Flowers. I don’t know why I emboldened that word. Anyway, this is the first thing I have to say about flowers: That Georgia O’Keefe sure makes some far out pictures of them. They almost look like…well, human flowers. I dunno know what you call them. I’m not a pc thug. I hate the taste of pina coladas. Long story short, though, then the nun says: “well, excuse me for asking!” and in this case the nun was Carrie Fischer.
This is the second thing I have to say about flowers: they’re rather pretty, wouldn’t you agree? I actually have a joke about flowers smelling pretty that you should here…Once upon a time, in Kansas, there was this nun who liked to play the bajo sexto all the time, because her convent had one of the best Mariachi bands in the region, and one day she broke a string so went out into a field to pick some flowers. Then something happened, and the nun says: “well, excuse me for asking!” and in this case…Oh, damn, I already said that, didn’t I? Quick! To Paragraph No. 4 and beyond!

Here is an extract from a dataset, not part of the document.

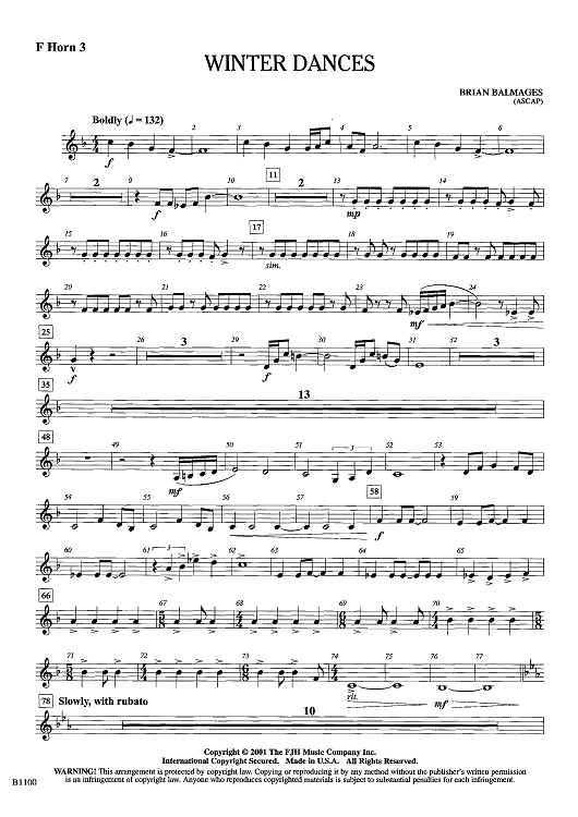 "Winter Dances - F Horn 3" Sheet Music by Brian Balmages

Here is my third thing about flowers: I’ve always wanted to create a cannon to fire a bunch of flowers at my enemies so bees would come up and sting them to death, like in that movie I told you I would tell you nothing about. By always, I mean since ten seconds ago when I started this paragraph. (I’m a fast typist.) I’m going to go do that, but first I have to say something completely irrelevant for no reason. There, that should work.